Given the top-k subset of the ranking set R we count how many times its elements occur in the bottom-h subset of the ranking set Q_h(i), which corresponds to the ranking set obtained by using the execution time of query Q_i as ranking criterion, for each query. In other words, we look at the rank of the top-ranked configurations (by a ranking criteria R), and make sure by the above formula that they are not in the bottm-h query positions/ranked configurations. This is computed for all queries in the benchmark. the intuition is the ranking top ranked configuration shouldn’t appear as worst performing for the queries.

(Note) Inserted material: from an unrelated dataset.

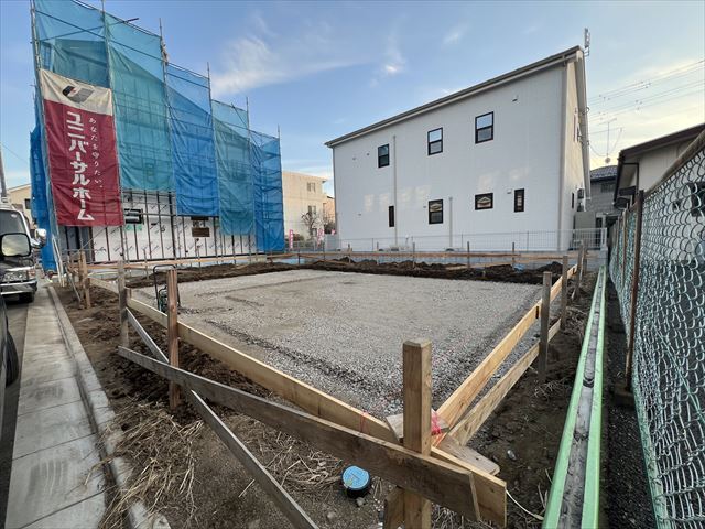 坂戸市山田町T・K様邸の工事が始まりました。まずは地鎮祭を行いました。そして、地盤調査を行い、根伐り、遣り方と進めて行きます。根伐り、遣り方とは建物配置を決める工事の事を言います。基礎を作る時、土を掘り、建物と道路の高さを図面通りにしないといけません。平行になっているかレーザーで測れる機械で、一寸の狂いなく配置していきます。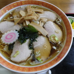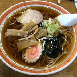 壁に貼ってあるメニューからラーメンを注文。家族経営の店で、店主の他に、店主の親御さんと御夫人と思わしき女性2人で切り盛り。注文後8分ほどで配膳されて着丼。

Table of best 3 configuration ranked by the criteria Rf,Rp, and Rs (single-dimensional criteria), across our experimental datasets

Top-3 Configurations	100M			250M			500M
Rs	b.iii.2	b.iii.1	b.iii.4	b.iii.1	b.iii.2	b.iii.3	b.iii.1	b.iii.2	b.iii.4
Rp	a.ii.3	a.ii.4	a.ii.5	a.ii.5	b.ii.3	c.ii.3	c.ii.3	c.ii.4	b.ii.5
Rf	a.iii.3	a.ii.3	c.ii.3	a.iii.3	a.ii.3	b.ii.4	a.ii.3	a.iii.3	b.i.4

Examples of the confidence Calculations

For instance, let’s consider the R_s rank and the 100M dataset evaluation. The top-3 ranked configurations (see the table above) are R_s (Top-3)={b.iii.2,b.iii.1, b.iii.4}} that overlaps only with the bottom-3 ranked configurations query Q4, i.e., Q4_(bottom-3)={b.iii.3,b.iii.4,a.iii.2}. Thus, A(R_s [3])=1- (1/(11*3))=0.969.

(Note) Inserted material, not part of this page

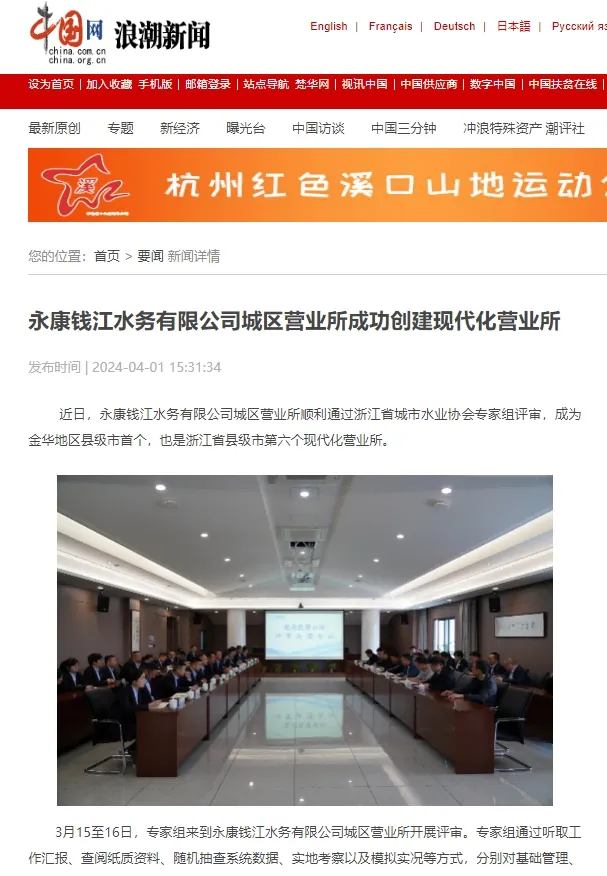 近日,新華社、中國網、中國新聞網等媒體報道中國水務所屬錢江水利永康錢江水務獲評“浙江省現代化營業(yè)所”,永康錢江水務城區(qū)營業(yè)所成為浙江省金華市首個縣級現代化營業(yè)所,標志著公司在所屬地區(qū)標準化生產及管理水平邁上新臺階。

To get a visualized intuition behind the conformance, The following figure shows the level of conformance of the top-ranked three configurations for the single-dimensional as well as pareto ranking criteria.

conformance

Example on one of the datsets (100M):

Table below shows the “confidence” ratios calcuated for all the ranking criteria (i.e, individual R_f, R_s,R_p, and combined AVG, WAvg, Rta). The table show the top-3 ranked configurations for each criteria, alongside all the the benchmark queris ranking of these configurations. The column “rank > 22” checks whehther these configurations opted by each criteria are not worst than the 22 bottom-ranked configurations according to the queries. Notably, this 22 is arbitraily used, but we can use any number restricting** or *relaxing the confidence calculation in the formula. In these sheets, you can find other examples of calculating the confidence with different h-bottom values other than 22 example.

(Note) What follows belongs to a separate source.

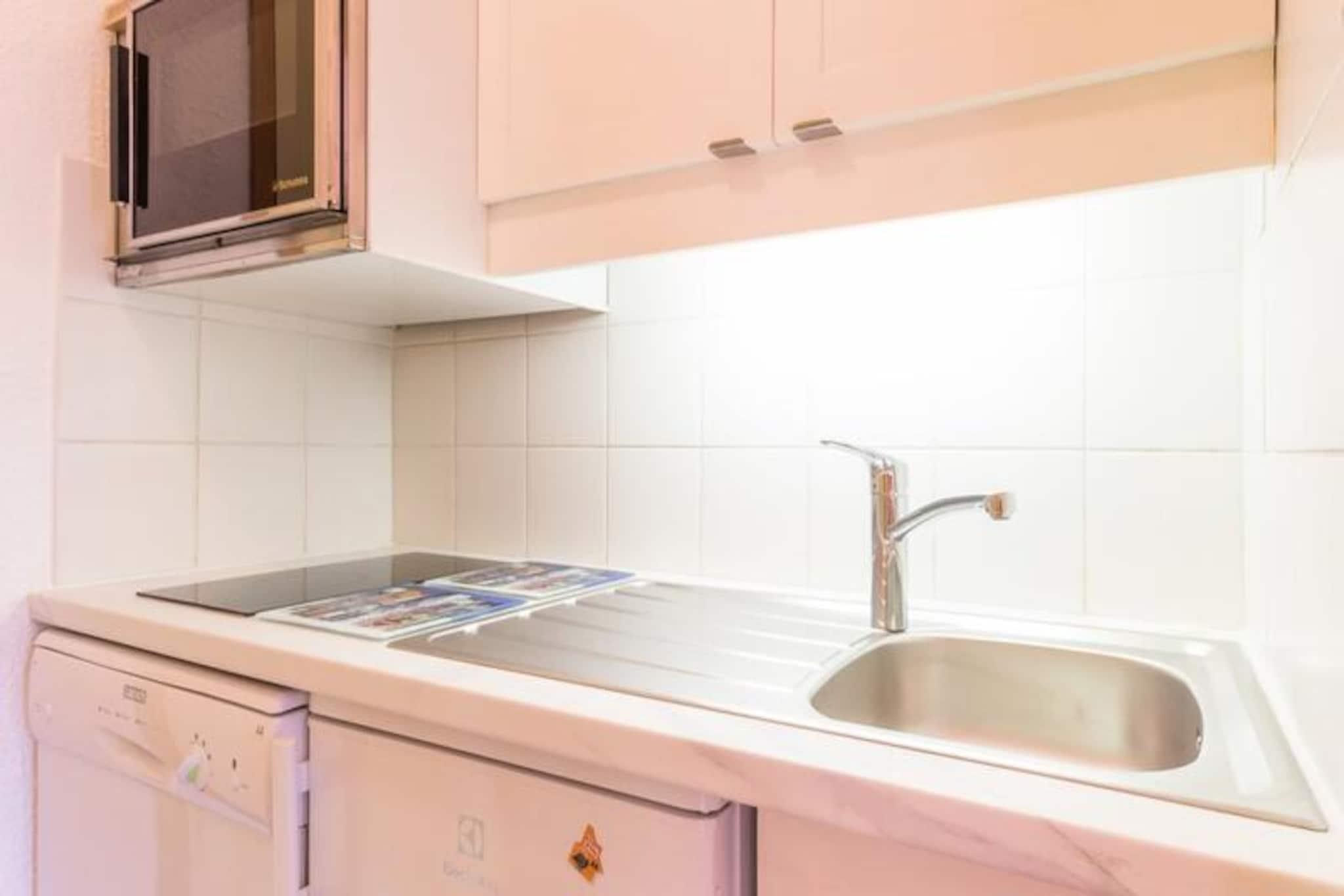 Højt over den charmerende landsby Montchavin tilbyder dette hyggelige studio på øverste etage et dejligt alpint tilflugtssted for par eller små grupper. Badet i naturligt lys og med en fantastisk udsigt over de omkringliggende tinder er denne bolig den perfekte base for at udforske Paradiski-skiområdet, kun 100 meter fra din dørtrin. Uanset om du er her for vintersport eller sommerens bjergeventyr, sikrer denne ejendom et mindeværdigt ophold i hjertet af de franske alper. Studioets smarte layout maksimerer dets 22 m² store rum og har et renoveret tekøkken udstyret med keramisk kogeplade, ovn, mikrobølgeovn, opvaskemaskine og kaffemaskine. Soveområdet inkluderer en komfortabel Murphy-seng og en dobbelt sovesofa, hvilket gør det ideelt til op til tre gæster. Et moderne brusebad og et fladskærms-tv bidrager til bekvemmeligheden og komforten under dit ophold. Ejendommen tilbyder også et skiskab til dit udstyr, hvilket sikrer problemfri adgang til pisterne. Beliggende i Porte de Montchavin-residensen vil du blive fordybet i landsbyens varme atmosfære med butikker, restauranter og skifaciliteter kun en kort gåtur væk. Om sommeren forvandles området til et paradis for vandrere og cyklister med betagende stier og panoramaudsigt over Tarentaise-dalen. Med sine lyse interiører, opdaterede faciliteter og uovertrufne beliggenhed inviterer dette studie dig til at opleve magien ved Montchavin. Uanset om du snor dig gennem frisk puddersne eller soler dig i alpesolen, er dette din portal til uforglemmelige bjergøjeblikke.

Conformance of each Ranking Criteria												rank > 17	A(R)
100M	Q1	Q2	Q3	Q4	Q5	Q6	Q7	Q8	Q9	Q10	Q11
Rf
a.iii.3	24	17	25	21	21	23	14	33	16	17	9	6	0.42
a.ii.3	22	11	14	1	13	20	13	13	4	7	14	2
a.i.3	23	25	21	5	19	24	16	20	8	12	15	4
Rp
a.ii.3	22	11	14	1	13	20	13	13	4	7	14	2	0.39
a.ii.4	19	20	20	2	18	21	15	18	6	11	17	5
c.ii.2	3	21	15	13	15	12	25	8	25	28	28	6
Rs
b.iii.2	5	19	23	25	14	15	9	15	20	13	13	3	0.30
b.iii.1	16	14	13	33	7	14	10	23	10	10	7	2
b.iii.4	11	4	19	35	17	18	11	29	3	5	8	4
Pareto_agg
b.ii.4	9	8	9	22	1	7	5	14	1	6	2	6	0.21
a.ii.3	22	11	14	1	13	20	13	13	4	7	14	2
c.ii.3	14	12	1	7	3	1	25	3	25	21	20	5
Pareto_Q
b.ii.4	9	8	9	22	1	7	5	14	1	6	2	2	0.15
b.ii.3	12	1	7	30	6	10	6	21	2	3	4	6
b.i.4	10	2	12	24	2	9	3	28	7	4	3	5

** Note: the results are calculated by minusing the non-conformance shown in the table from the full percentage 100% of conformance (as will be shown in the table below for all the criteria and over all the datasets), as per equation of Conformance measure (equation 1 in this page).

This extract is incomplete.